* [Directions for this task] Go through the listing and set it down exactly, leaving out its pictures.

* [The data]

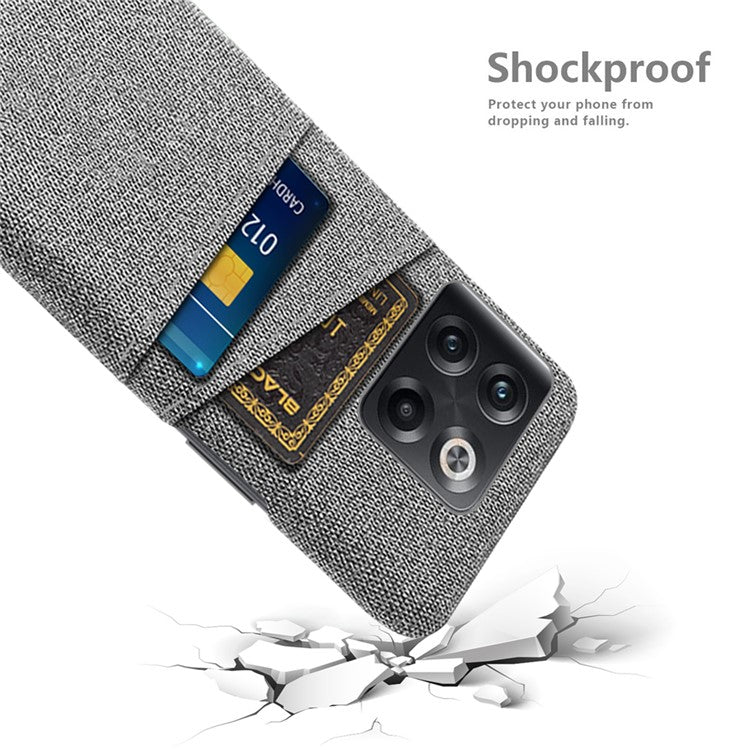 For OnePlus 10T 5G / Ace Pro 5G Hard PC Phone Case Dual Card Holder Cloth Texture Smartphone Phone Cover - Light Grey
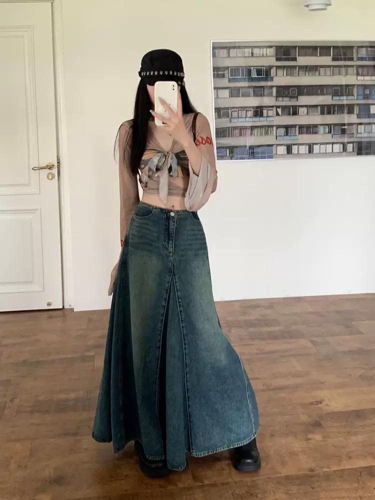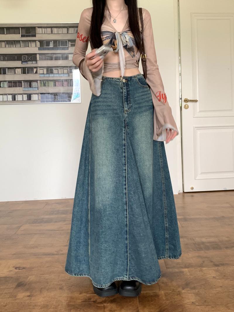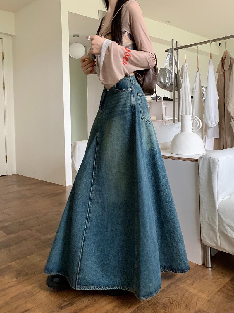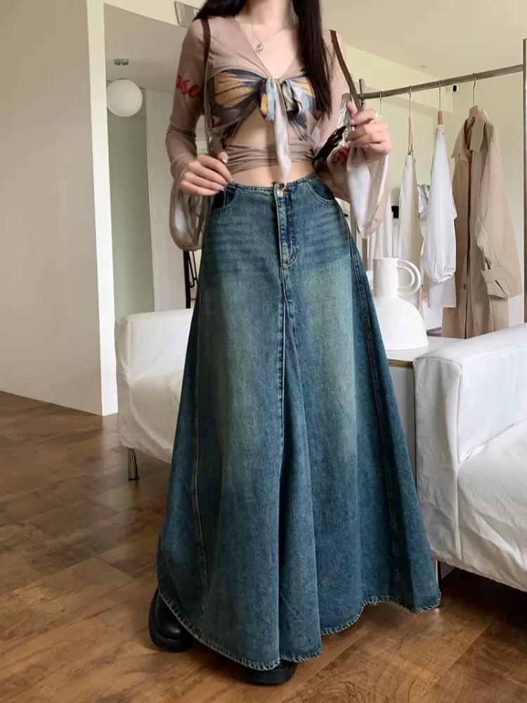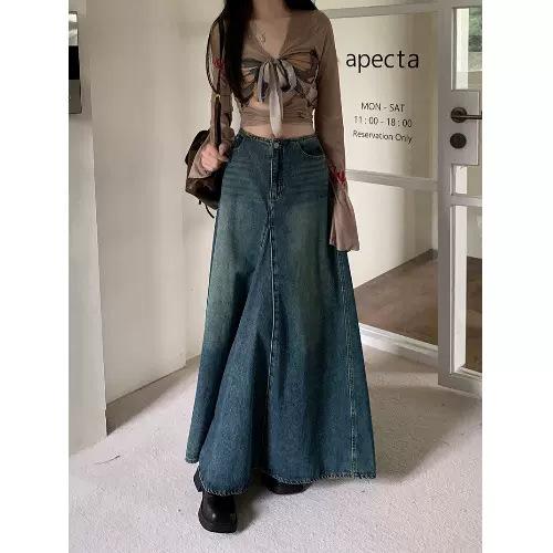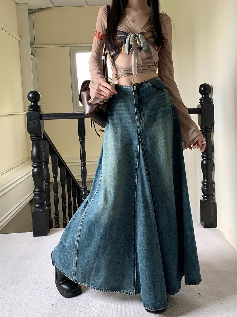 Falda vaquera retro de verano, talla grande, cintura alta, línea A, para mujer, mediana, larga, ajustada, con paraguas
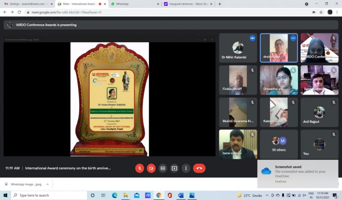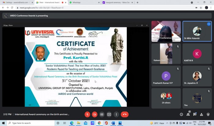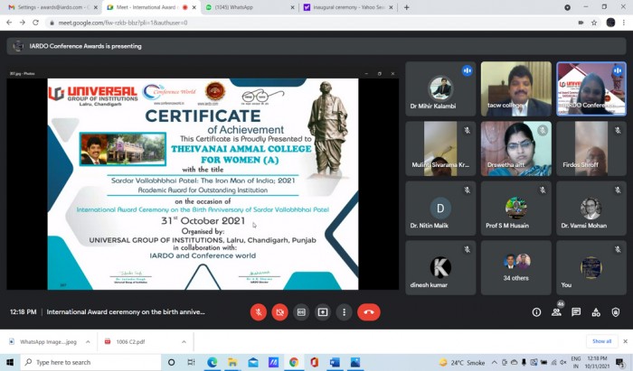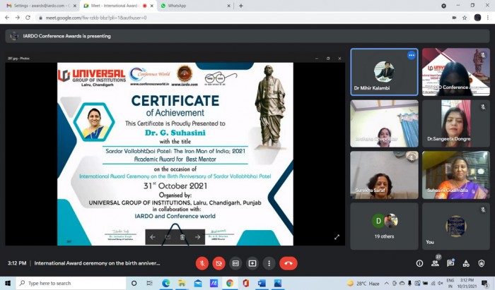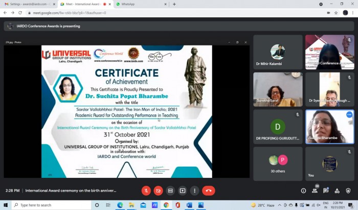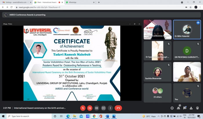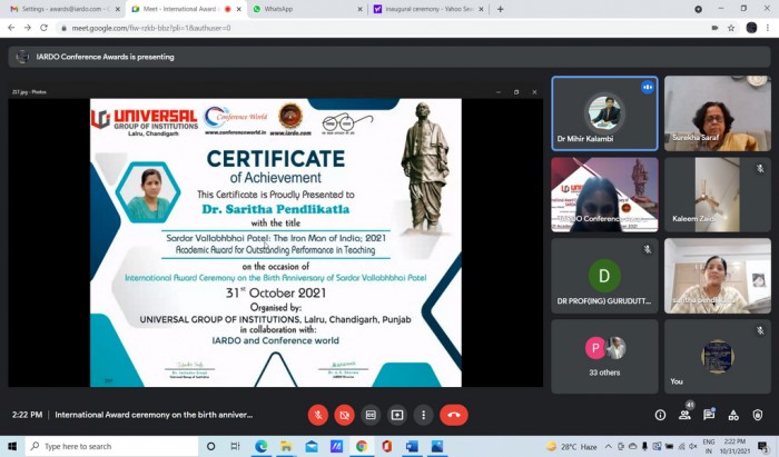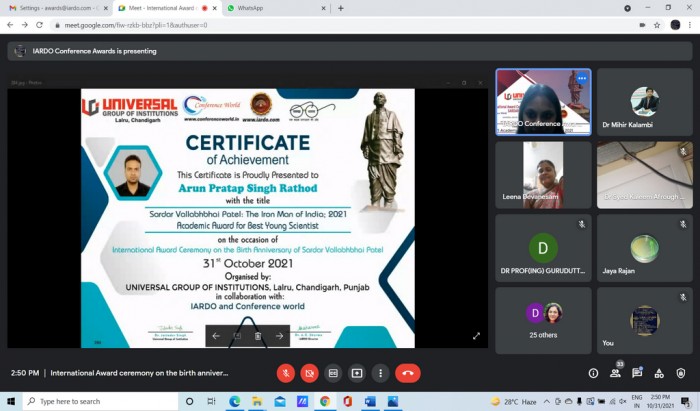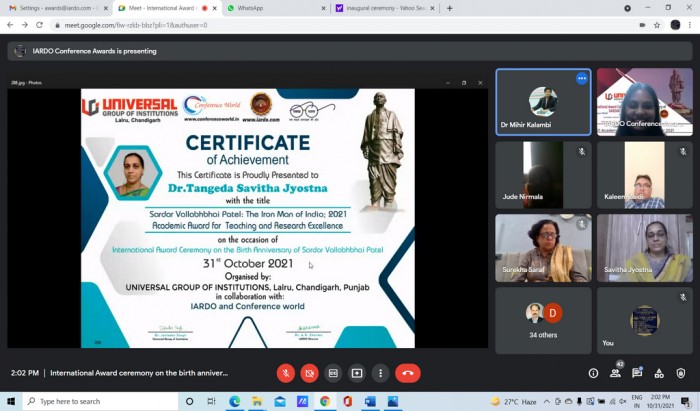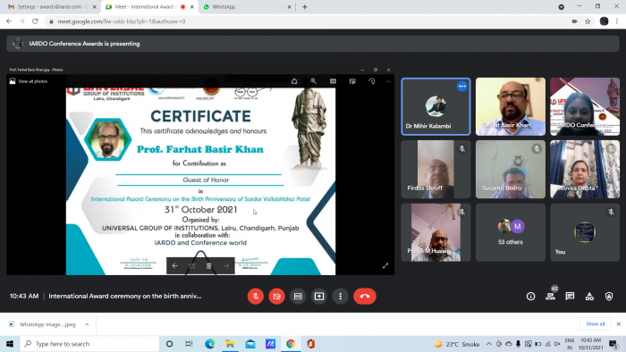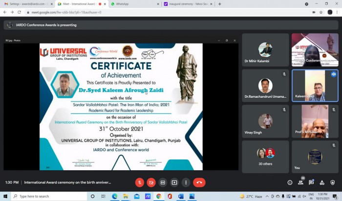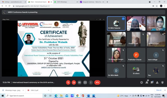 Conference: International Award ceremony on the birth anniversary of Sardar Vallabhbhai Patel- The Iron Man of India; 2021 Academic Awards Email: awards@iardo.com

* [Answer area]
 For OnePlus 10T 5G / Ace Pro 5G Hard PC Phone Case Dual Card Holder Cloth Texture Smartphone Phone Cover - Light Grey
 Falda vaquera retro de verano, talla grande, cintura alta, línea A, para mujer, mediana, larga, ajustada, con paraguas
 Conference: International Award ceremony on the birth anniversary of Sardar Vallabhbhai Patel- The Iron Man of India; 2021 Academic Awards Email: awards@iardo.com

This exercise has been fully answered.